As for Woodfin and College and Spruce, I'm not sure who's planning what enormous building there -- but it's uncomfortably close to the County Courthouse and City Hall. Despite the ad-agency language about "additional value" and "augment[ing] the skyline," allowing a Haywood Park-size building there would dwarf these signature downtown buildings and contradict the Draft's claimed intent of preserving Asheville's character.


The UDO divides development proposals according to their size into Levels I, II and III. Levels I and II are currently subject to final approval by the Technical Review Committee, which is composed of city staff representatives. Level III -- building projects of 100,000 square feet or larger -- are subject to final approval by City Council.

No one likes this arrangement. The public doesn't like the way TRC seems to rubber-stamp large, controversial buildings such as Parkside or Haywood Park, with TRC staffers claiming that their hands are tied by their narrow mandate to look only at their particular technical piece of the elephant -- fire safety, traffic, etc. When the developer of Parkside, for example, saw that he was not going to win approval from City Council, he dropped just enough square footage from his design to shift it from Level III to Level II, and the TRC approved it.

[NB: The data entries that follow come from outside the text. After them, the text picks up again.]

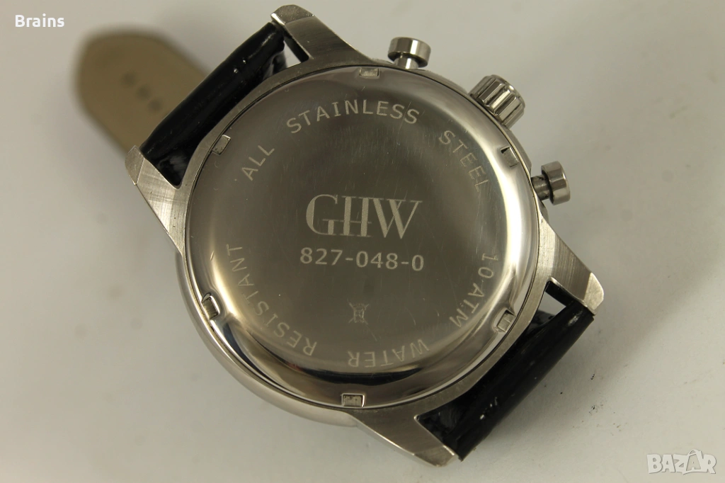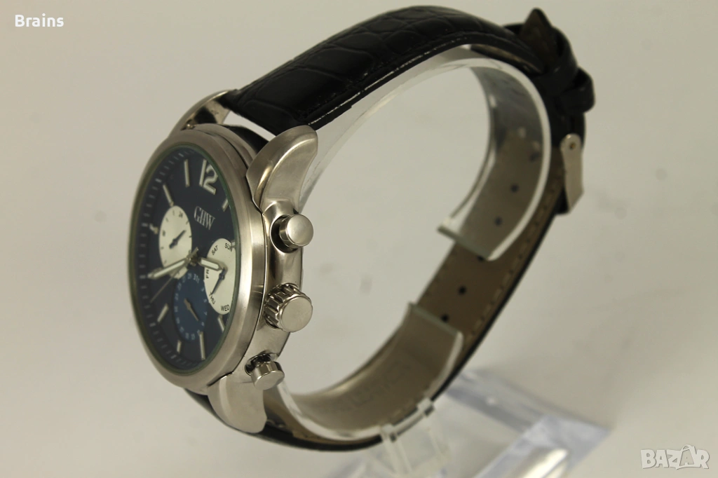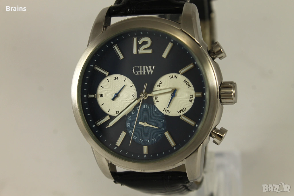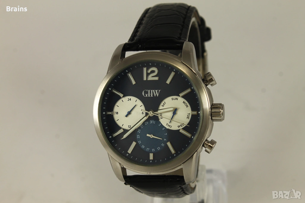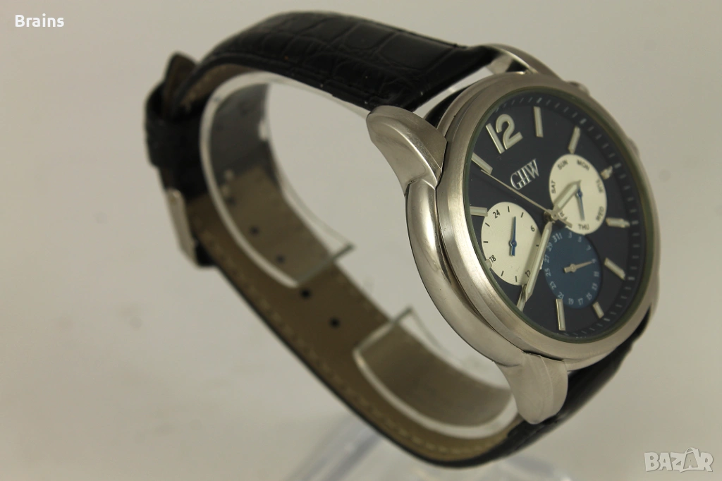 Красив мъжки кварцов часовник GHW . Японски кварцов механизъм. Функции - Ден от седмицата, Дата и 24 часово отчитане. Часовника работи точно, всички функции работят коректно. Каса изработена от неръждаема стомана. Часовника е в перфектно визуално състояние, без забележки.
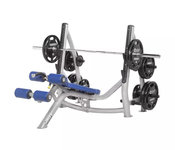 Олимпийская скамья с обратным наклоном CF-3177 оборудована восьмью держателями под диски. Максимальная нагрузка на тренажер составляет 405 кг. Спинка имеет угол наклона – 15 градусов. Вертикальные стойки имеют изогнутую форму, что позволяет естественным образом повторять траекторию движений при проведении упражнений.
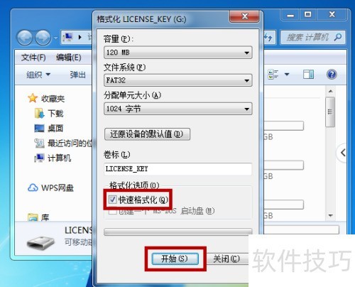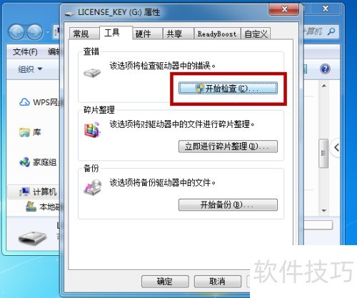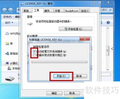 4、 检查U盘时,先勾选自动修复文件系统错误与扫描并尝试恢复坏扇区,然后点击开始。
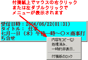 付箋紙メニューとは 付箋紙自体の動作をセットするためのものです。通常の付箋紙プログラムと異なり、@付箋紙の付箋紙は独立したプログラムとなっています(このようにすることにより、付箋紙自体の機能を向上させることがより簡単に行えるようになるため。また付箋紙は何枚までと言う制限が必要なくなる(メモリーが続く限り付箋紙を張り付けられるようになる)。 付箋紙メニューは付箋紙のウィンドウ上にマウスのカーソルを持っていき、右クリックまたは左ボタンをダブルクリックすることによって選択できるようになります。 ![]() 以下にそれぞれの機能の概要を示します。
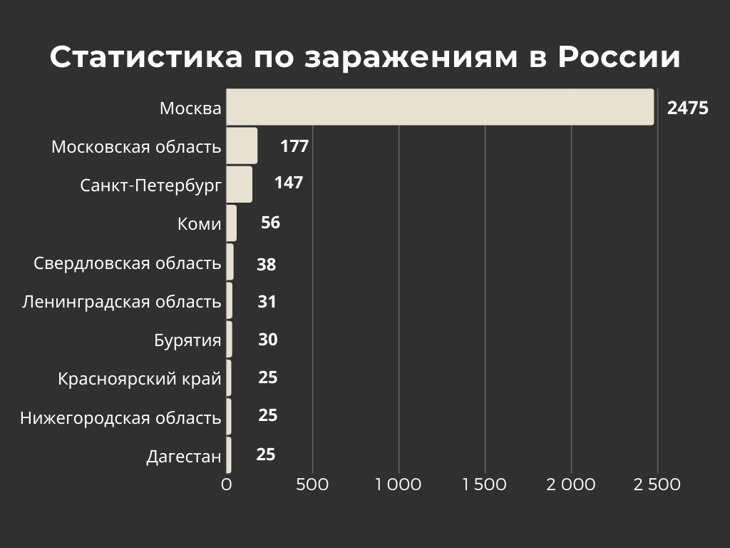 Здравствуйте, друзья. Продолжаем следить за развитием событий, связанных с распространением вируса Covid-19 в России и мире. Статистика по случаям заражения в России По данным на 2 апреля в нашей стране зарегистрировано 3 548 случаев заражения коронавирусной инфекцией. Первые десять субъектов РФ по числу зараженных: По сравнению со вчерашним днем в 10-ку регионов по числу заболевших вошли два новых субъекта: Нижегородская область (+13) и Республика Дагестан (+10). Больше всего новых фактов заражения установлено в Москве (+595), Московской области (+43), Санкт-Петербурге (+22). Статистика по летальным исходам в России По данным на 2 апреля в России подтверждено 30 (+6) летальных исходов от коронавирусной инфекции Мировая статистика По последней информации в мире выявлено 940 105 зараженных. Погибло 47 323 человека, выздоровело 195 416 пациентов. Оставайтесь с нами, мы продолжаем следить за ситуацией в России и мире. Понравилась статья? Поддержите нас

Developers, on the other hand, don't like having their proposals routinely OK'd all the way through the process till they get to City Council, where they can be scotched by a loud enough public outcry.

The subject reportedly raised a great deal of ire at the Advisory Committee meetings. One member, a co-founder of the local pro-business lobby CIBO, reportedly stomped around the room, proclaiming that he would only support City Council's having final approval "if you can promise me no hippies, no artists, no activists, no mamas with babies on their hips will get up at City Council and stop developments" that are already approved at lower levels.

So Goody-Clancy's plan considerably reduces the amount of say City Council will have. Although the DMP would have Council retain final approval for Level III proposals, the threshold for Level III would be raised considerably, from 100,000 to 175,000 square feet.

That means elected officials accountable to the public would have final say over far fewer proposals.

The much-expanded Level II would, under the plan, be subject to final approval by the Planning and Zoning board instead of TRC. Currently, P&Z is allowed to examine larger, non-technical issues such as building scale and appropriateness (indeed, it was the first body in the review process to fail to approve Parkside), but its rulings are only advisory to City Council. Under the DMP proposal, however, its authority would be enormously expanded.

But P&Z members are appointed, not elected -- and therefore insulated from public accountability. Appointments to the 7-member P&Z board have always been the subject of intense lobbying of City Council by the development community. How much more intense will the lobbying become when P&Z is given final say over most large developments?

The DMP says nothing about the makeup of this much-more-powerful P&Z -- the word is that won't be discussed till just before the plan goes to City Council. I'm sure it's safe to predict that the rationale for stocking the board with members of the development industry rather than representatives of the larger public will be the same it's always been -- developers have the "expertise" to judge projects by their fellow developers. Government watchdogs have another name for this classic rationale -- the "revolving door," or, "you scratch my back now, I'll scratch yours when I'm on the board."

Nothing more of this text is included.